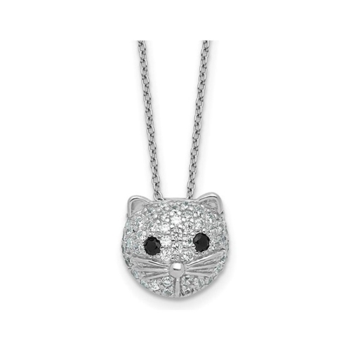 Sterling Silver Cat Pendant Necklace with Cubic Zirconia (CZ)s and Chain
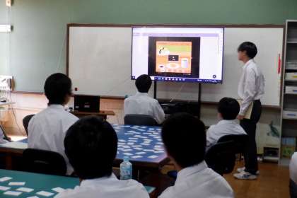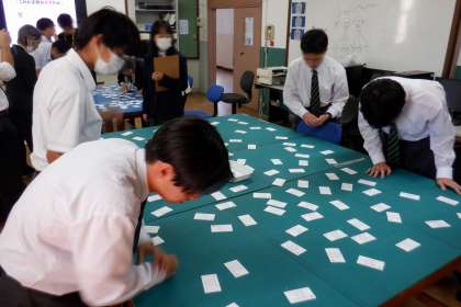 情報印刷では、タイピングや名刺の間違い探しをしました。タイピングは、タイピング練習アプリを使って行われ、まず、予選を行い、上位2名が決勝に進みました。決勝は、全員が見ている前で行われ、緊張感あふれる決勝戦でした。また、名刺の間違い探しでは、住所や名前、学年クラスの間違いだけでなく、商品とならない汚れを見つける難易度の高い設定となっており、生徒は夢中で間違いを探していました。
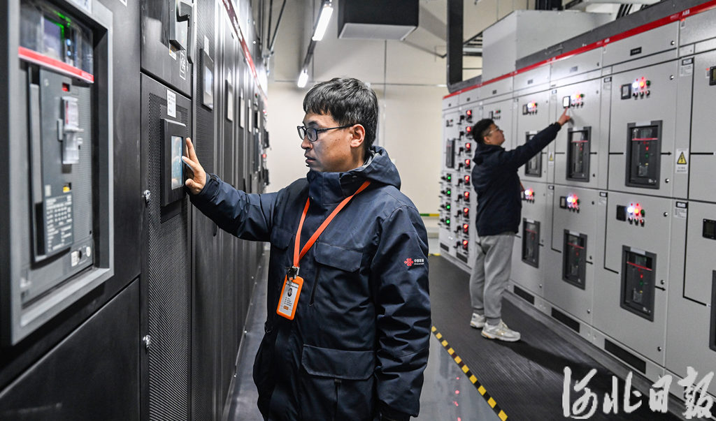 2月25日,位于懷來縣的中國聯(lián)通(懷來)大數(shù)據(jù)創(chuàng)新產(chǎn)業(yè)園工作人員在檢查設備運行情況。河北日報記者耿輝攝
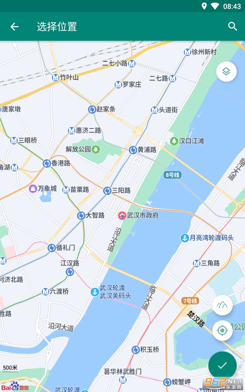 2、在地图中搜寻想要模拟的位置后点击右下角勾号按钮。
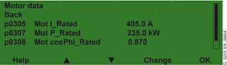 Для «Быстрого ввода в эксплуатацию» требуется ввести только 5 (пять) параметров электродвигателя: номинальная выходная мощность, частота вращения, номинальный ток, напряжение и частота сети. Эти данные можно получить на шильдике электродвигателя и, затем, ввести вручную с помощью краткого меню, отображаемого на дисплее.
════════════════
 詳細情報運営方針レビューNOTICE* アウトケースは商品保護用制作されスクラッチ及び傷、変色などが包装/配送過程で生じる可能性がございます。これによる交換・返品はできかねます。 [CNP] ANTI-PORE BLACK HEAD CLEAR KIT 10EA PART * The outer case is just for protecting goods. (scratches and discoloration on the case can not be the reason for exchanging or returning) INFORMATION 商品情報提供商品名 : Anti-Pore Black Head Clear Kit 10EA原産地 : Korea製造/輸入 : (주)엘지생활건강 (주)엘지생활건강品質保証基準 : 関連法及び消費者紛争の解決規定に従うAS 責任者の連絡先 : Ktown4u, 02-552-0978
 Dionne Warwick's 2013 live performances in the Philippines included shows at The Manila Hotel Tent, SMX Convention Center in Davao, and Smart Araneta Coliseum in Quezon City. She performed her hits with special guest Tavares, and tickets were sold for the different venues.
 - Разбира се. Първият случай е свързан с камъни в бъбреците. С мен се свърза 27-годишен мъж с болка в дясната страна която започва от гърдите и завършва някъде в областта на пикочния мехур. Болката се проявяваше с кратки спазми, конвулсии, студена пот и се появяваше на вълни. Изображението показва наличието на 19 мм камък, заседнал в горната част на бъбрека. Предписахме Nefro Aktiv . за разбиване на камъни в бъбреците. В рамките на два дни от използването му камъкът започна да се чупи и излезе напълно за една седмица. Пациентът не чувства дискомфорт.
════════════════
▶ EXERCISE AIM:
Your answer must be the exact lines from the records above, from the one containing "Sterling Silver Cat" through the one containing "2月25日,位于懷來縣的中國", both included, with every picture left out.

▶ RESPONSE:
 Sterling Silver Cat Pendant Necklace with Cubic Zirconia (CZ)s and Chain
 情報印刷では、タイピングや名刺の間違い探しをしました。タイピングは、タイピング練習アプリを使って行われ、まず、予選を行い、上位2名が決勝に進みました。決勝は、全員が見ている前で行われ、緊張感あふれる決勝戦でした。また、名刺の間違い探しでは、住所や名前、学年クラスの間違いだけでなく、商品とならない汚れを見つける難易度の高い設定となっており、生徒は夢中で間違いを探していました。
 2月25日,位于懷來縣的中國聯(lián)通(懷來)大數(shù)據(jù)創(chuàng)新產(chǎn)業(yè)園工作人員在檢查設備運行情況。河北日報記者耿輝攝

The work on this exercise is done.